Not satisfied with scamming foreigners in their own country the Turks also steal half of the island of Cyprus and fraudulently build houses on Greek Cypriot owned land and sell it to Brits and other foreigners who now stand to lose everything because the Greek Cypriots rightly want their land back.
And Turkey has the cheek to want to join the EU.


----------



## belgarath (Jul 15, 2011)

I'd say, at least they dont post nonsense in other country forums.

Joining the EU? No thanks, you can keep your precious union to yourselves, if you dont shatter it to pieces in a couple of years.

Speaking of property, what about Turkish cypriot property in the south?


----------



## Veronica (Apr 5, 2008)

belgarath said:


> I'd say, at least they dont post nonsense in other country forums.
> 
> Joining the EU? No thanks, you can keep your precious union to yourselves, if you dont shatter it to pieces in a couple of years.
> 
> Speaking of property, what about Turkish cypriot property in the south?


Turkish Cypriot property is protected by the government, no building is allowed on it and some turkish cypriot homes are rented to displaced Greek Cypriots and the rent kept in a fund to be paid to the property owners if they ever return to reclaim their property. I know of several displaced persons who rent such properties. They spend a lot of money upgrading them, they know they will never own them and may have to leave at any time if the Turksih Cypriots owners return desp;ite the fact that they themselves have lost their homes in the North.

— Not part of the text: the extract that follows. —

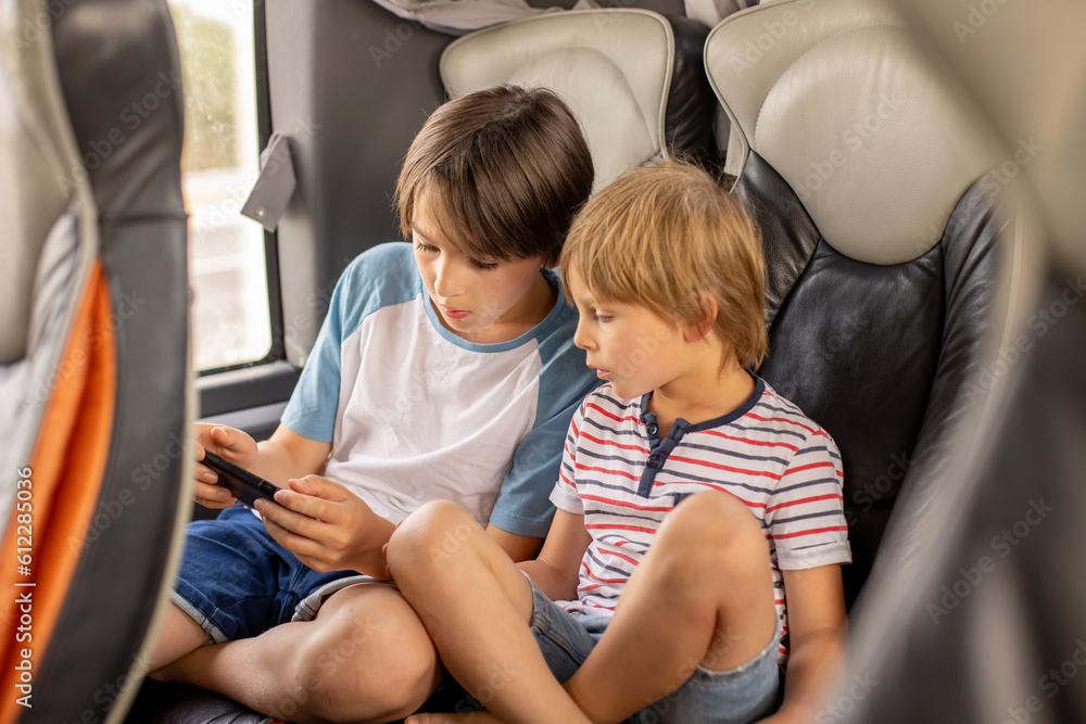 Wall Mural Children, siblings, playing on a mobile phone while traveling with bus on a long
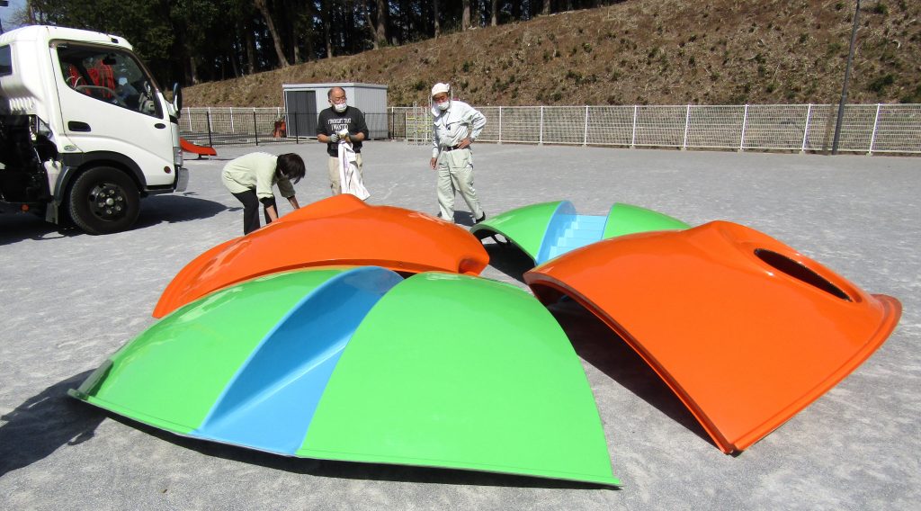 トラックに乗って新しい遊具が運ばれてきました!「あれは何だろう?」みんな興味津々、変わるがわるのぞきにきていました(笑)

In some cases Turkish Cypriot land has been used to build airports etc but they were compulsory purchased in the same way as Greek Cypriot land is and the money is kept in trust to be paid to the owners.
This is toally different to what has happened in the North where the illegal Turkish government has issued fraudulent title deeds on property which is owned by Greek Cypriots.


----------



## istcan (Mar 3, 2012)

vona62 said:


> If you own a foreign flagged yacht that remains in Turkey or Turk territorial waters be aware Turkey's Custom could and will confiscate it without due notice for an infraction of any law and dispose of it by auction, laws or rulings that Customs can and do change or introduce without notification.
> 
> Something to consider, if a yacht why not your house. I suspect the case in hand may have been an opportunistic one by a local who wanted the yatch and thru the introduction of a law affecting boatyards used the local Custom to achieve his ambition.


Hi,

There is nothing wrong with Turkish waters, if you want to avoid bad experiences then do not go to second or third class amateur boatbuilders. Many owners choose them because they are dirt cheap but when they do so they should not expect the standards of a first class establishment. 

The Maltese Falcon was built in Turkey, there are so many proper boatyards building not just boats and yachts such as 100+ feet Oyster series and larger superyachts but advanced warships with low radar signatures. 

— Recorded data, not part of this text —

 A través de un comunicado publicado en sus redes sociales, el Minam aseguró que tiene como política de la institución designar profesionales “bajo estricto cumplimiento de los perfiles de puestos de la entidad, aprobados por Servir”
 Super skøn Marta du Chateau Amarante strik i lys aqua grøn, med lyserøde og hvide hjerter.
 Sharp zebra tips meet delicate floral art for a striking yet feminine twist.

If you want to avoid a TCG fine then if they visit your boat show them your bilge. When they see a clean bilge, they walk away. The family mentioned appears to be very unlucky. I feel sorry for them but they should have filed a lawsuit when the sample was lost. In such cases, all around the world, the best is to contact a lawyer asap. Such a person could easily be found through an agency.

I've been sailing in Turkey for over 10 years with no problems at all.


----------



## istcan (Mar 3, 2012)

Veronica said:


> Not satisfied with scamming foreigners in their own country the Turks also steal half of the island of Cyprus and fraudulently build houses on Greek Cypriot owned land and sell it to Brits and other foreigners who now stand to lose everything because the Greek Cypriots rightly want their land back.
> And Turkey has the cheek to want to join the EU.

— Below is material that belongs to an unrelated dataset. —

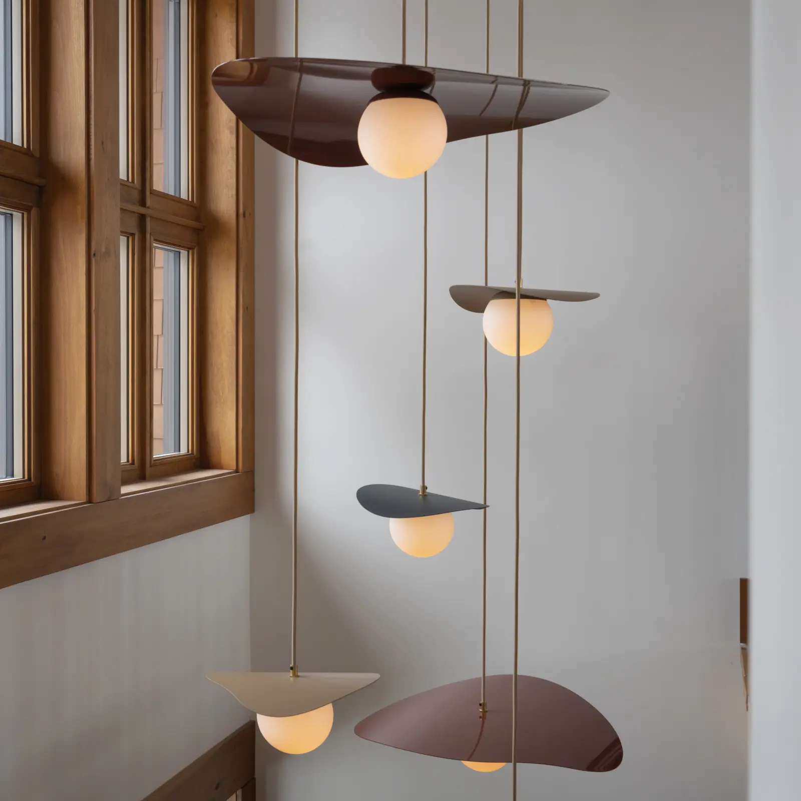 The SOPAL collection is a variation of the nopal shape where we added a slight curve on its main axis. This bending gives a feeling of lightness and softness to the lampshade. In addition, with its multiple installation possibilities, a sopal arrangement can take on a variety of appearances and suggest the fineness of flower petals or the movement of a bird flight.

:clap2: You just won the right-on-the-topic-response award :clap2:

Why did Greek Cypriots attack Turkish Cypriots in late 60s, early 70s ? When you start killing a population and they seperate the island to try to protect themselves, they then become thieves ? Hmmm, the perfect combination of good will and smart thinking.

And in response to your unsubstantiated claim that Turks scamming foreigners, kindly wake up and see that your overlord Greece scammed the whole world with gov bonds as well as south cyprus being a major money-laundering location.

If foreigners were scammed as you claimed, Turkey would not attract an enormous amount of foreign investment. Nowadays Greeks also put their money and boats in Turkey as they are afraid of their own government and taxman. You don't do much thinking before talking, do you ?


----------